1. No basta con que el papa sea buena persona. El papa Francisco atrae. Rezuma bondad. Su porte natural, su mirada directa, franca, su rostro afable, sus brazos grandes y acogedores; su trato llano, cercano; su estilo personal austero, sus zapatones viejos, su residencia en Santa Marta en vez del Vaticano, casi como uno más, su asiento vacío en el concierto para gentilhombres de otros tiempos; su palabra sencilla, descomplicada, fresca… todo eso nos toca el corazón, y también la razón, porque es un espejo de lo mejor que somos y que no llegamos a ser del todo y a lo que en verdad aspiramos en medio de todas nuestras contradicciones.

¿A qué se deben entonces mis cautelas? Se deben a que en un papa no cuenta solo su persona, sino aun más la institución y la ideología que la sustenta. El problema de fondo es el sistema católico, un sistema teocrático, una monarquía absoluta sustentada en “dios”. Y mientras eso no cambie, nada sustancial cambiará, por bueno que sea el papa. Después de un papa humilde, austero y dialogante, puede venir otro más duro, ostentoso y rígido. ¿Qué habríamos adelantado?

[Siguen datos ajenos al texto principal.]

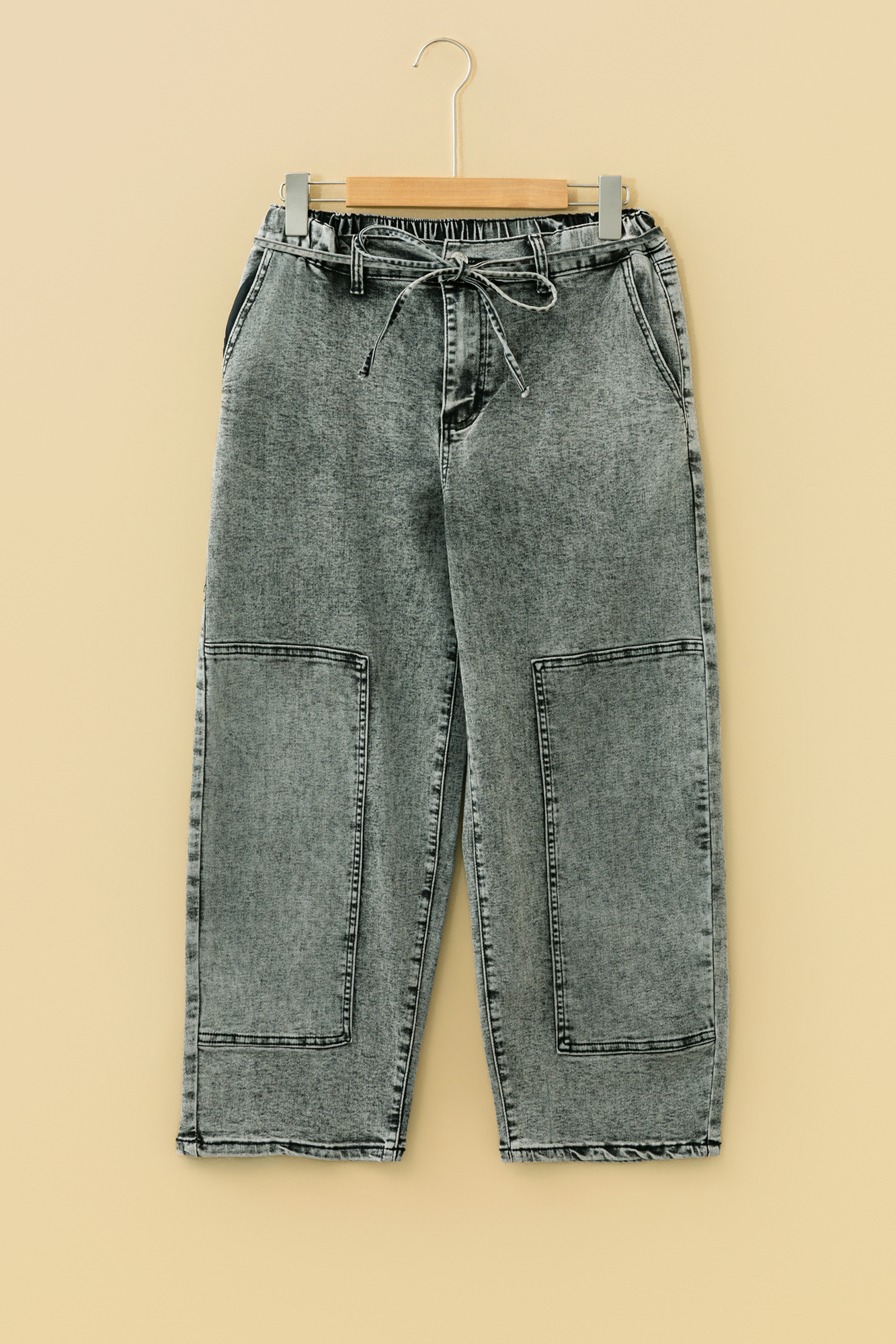 Slip into Mckinley Wash Barrel Fit Pants—soft, easy, and perfect for busy days on the go. Trendy acid wash denim gives a bold, vintage-inspired streetwear look. Barrel fit silhouette creates a relaxed, fashion-forward shape. Adjustable waist string offers flexible fit and added styling control. Durable denim fabric ensures everyday comfort and long-lasting wear. Material: 75%Cotton+23%Polyester+2%Elastane.

2. Tampoco basta con reformar la Curia. Las curias vaticanas forman parte de ese sistema y de todas sus contradicciones. Un enorme aparato de poder sacralizado, de poder sustraído a todo control. Un mundo corrupto de lobbies, como nos acaba de decir el mismo papa (¡y qué más da que los lobbies estén formados por heterosexuales o por gais!). Un inmenso engranaje, del que el papa es cabeza y cautivo a la vez. Es imposible que una persona ejerza un poder absoluto, y es inevitable que el poder se diluya en organismos incontrolados, que oficialmente dependen del papa, pero de hecho y en la sombra manejan los hilos. Una contradicción difícil de resolver.

Ahora bien –se dirá–, el papa Francisco ya ha anunciado reformas radicales en la Curia. Es verdad, y estoy seguro de que las llevará a cabo. ¿Bastará? Creo que tampoco bastará con eso. Y ello porque las curias vaticanas no poseen la última llave del sistema. Las llaves están en manos del papa. Todo el poder está concentrado en una persona, y mientras eso no cambie, lo esencial del sistema seguirá vigente (por mucho que se depuren las curias, se suprima el Banco o incluso se anule el Estado del Vaticano). Seguirá en pie el poder absoluto, y otro papa podrá rehacer lo que éste deshaga.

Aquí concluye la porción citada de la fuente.